Univariate regression is a foundational econometric technique that models the relationship between a single independent variable and a dependent variable. It forms the basis for more advanced models, such as multivariable and logistic regression. By analyzing the linear association between variables, univariate regression reveals how changes in the independent variable affect the dependent variable.
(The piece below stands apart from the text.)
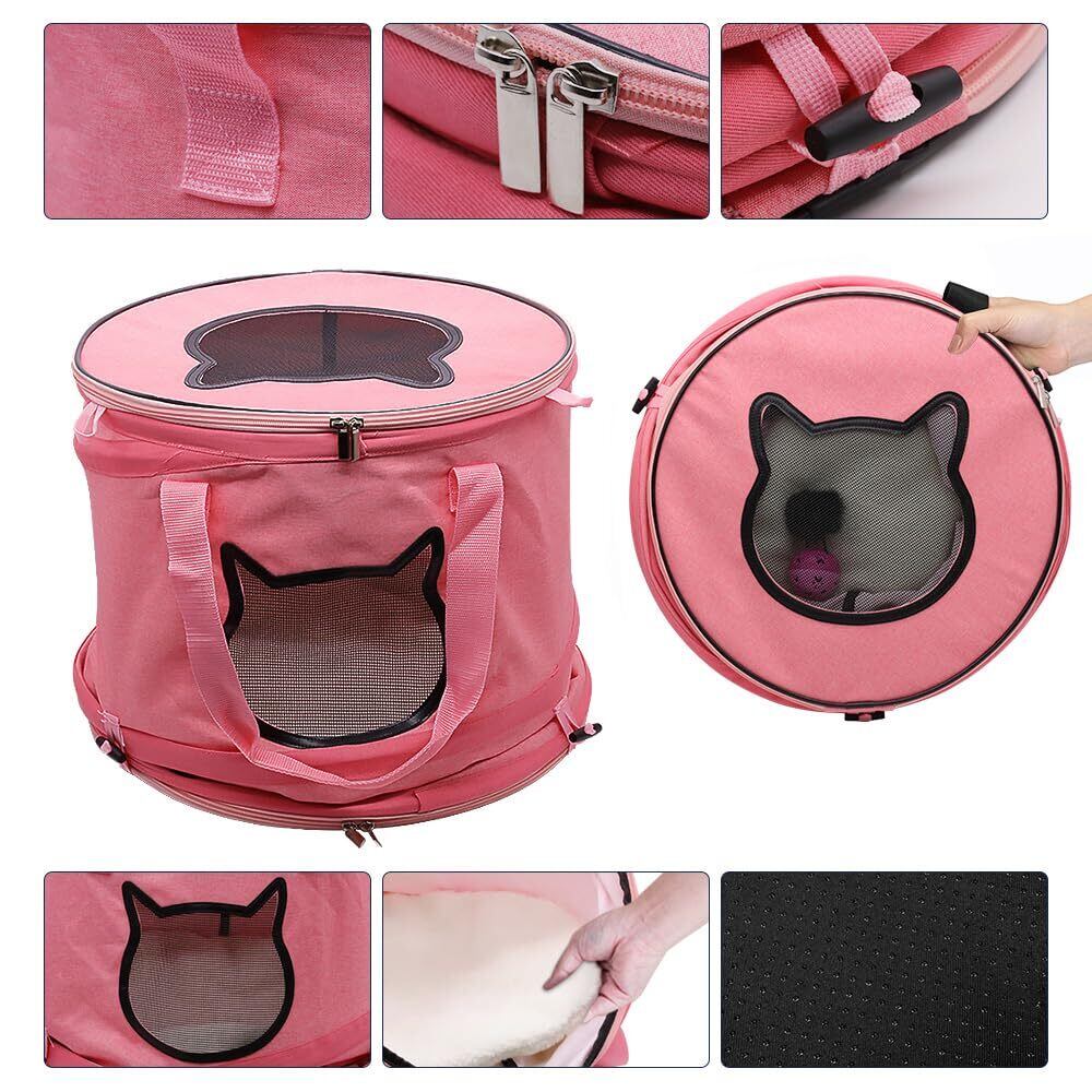 Glvaner 猫 キャリーケース ペットキャリー 猫キャリー 猫トンネル 猫キャリーバッグ ペットハウス 折りたたみ式 小中型猫・犬用 手提げキャリー 犬の鉢 猫食器 鈴ボール付 3WAY ペット用品 アウトドア 耐久性 ストレス解消 お出かけに便利 (レッド)

For random variables $x$ and $y$, the univariate regression model is:

\[y = \beta_0 + \beta_1x + \epsilon,\]

where:

  • $y$: dependent variable
  • $x$: independent variable
  • $\beta_0$: intercept
  • $\beta_1$: slope
  • $\epsilon$: error term

This model describes a linear relationship between $x$ and $y$, but the true values of $\beta_0$ and $\beta_1$ are unknown. Our objective is to estimate these parameters from sample data and construct the best-fitting regression line.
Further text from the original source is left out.